API_URL = "http://your-api-url.com"
USERNAME = "your_username"
USERNAME = "your_password"

client = APIClient(base_url=API_URL, username=USERNAME, password=PASSWORD)
streaming = StreamingClient(client)

2. Register a data object

data_object_metadata = {
    "name": "sample_data_object",
    "type": "url",
    "url": "http://example.com/data.csv",
    "description": "Sample data object for streaming demo"
}
client.register_url(data_object_metadata)
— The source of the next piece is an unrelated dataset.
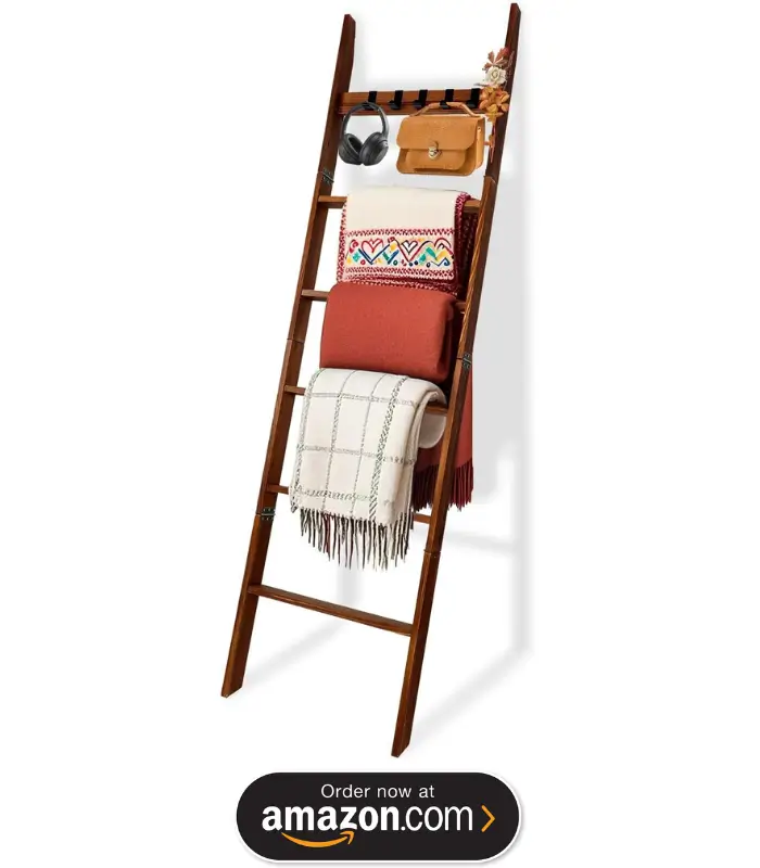 A ladder keeps blankets visible, which makes choosing one easy. It also encourages you to keep throws tidy because they are always on display. This improves the overall look of your living room or bedroom.
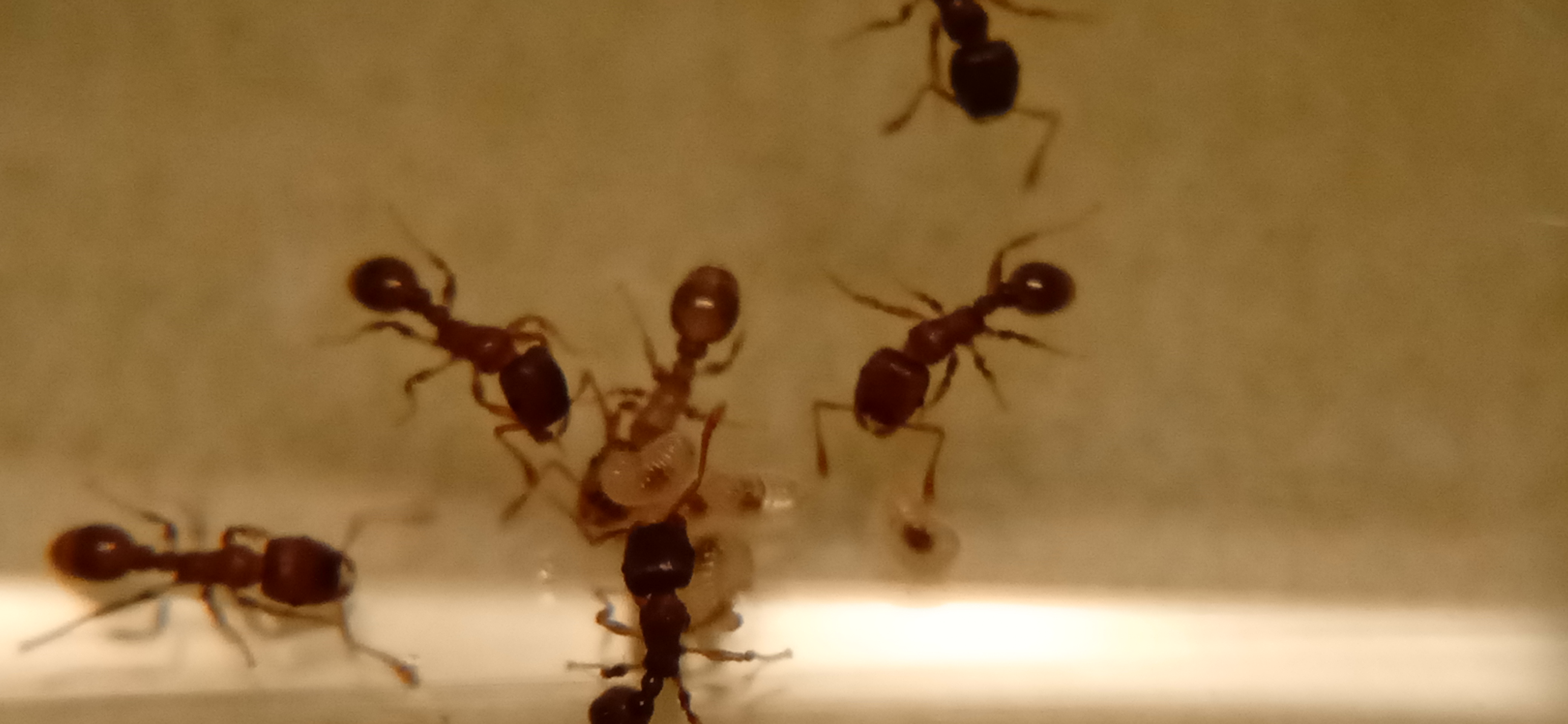 : ho scambiato dalla banca delle regine di Ants Italia una regina di Lasius emarginatus (che avevo raccolto a fine Agosto ma ancora non aveva le prime larve) per una colonietta di Tetramorium caespitum. Sono dovuto andare a Livorno per motivi di famiglia e il viaggio è andato tutto bene, tranne la parte finale. Avevo già notato che la provetta era stata preparata male e si è allagata molte volte ma non è mai successo nulla nè alle operaie nè alla regina. Una volta arrivato a casa però ho notato che la regina stava per annegare!

3. Create a filtered data stream

# Define filters
filters = [
    "column_name > 100",
    "IF column_name < 50 THEN alert = 'low' ELSE alert = 'high'"
]

# Create a Kafka stream with filters
stream = await streaming.create_kafka_stream(
    keywords=["sample_data_object"],
    match_all=True,
    filter_semantics=filters
)
print(f"Stream created with topic: {stream.data_stream_id}")

4. Consuming the filtered data stream

# Consume stream data
consumer = streaming.consume_kafka_messages(stream.data_stream_id)
print(consumer.dataframe.head())

5. Cleaning up

consumer.stop()
# Delete the stream and the data object
await streaming.delete_stream(stream)
client.delete_resource_by_id(search_results[0]["id"])
print("Cleanup completed.")

Contributing

Contributions are welcome! Please follow these steps:

  1. Fork the repository
  2. Create a new branch (git checkout -b feature/new-feature)
  3. Make your changes and commit (git commit -m 'Add new feature')
  4. Push to the branch (git push origin feature/new-feature)
  5. Open a Pull Reques

Contributing in PyPI

To publish the library to PyPI, follow these steps:

Ensure setup.py is correctly configured.

Build the distribution files:

python setup.py sdist bdist_wheel

Upload to PyPI using twine:

twine upload dist/*

Verify the package on PyPI:

Visit https://pypi.org/ and check your package listing.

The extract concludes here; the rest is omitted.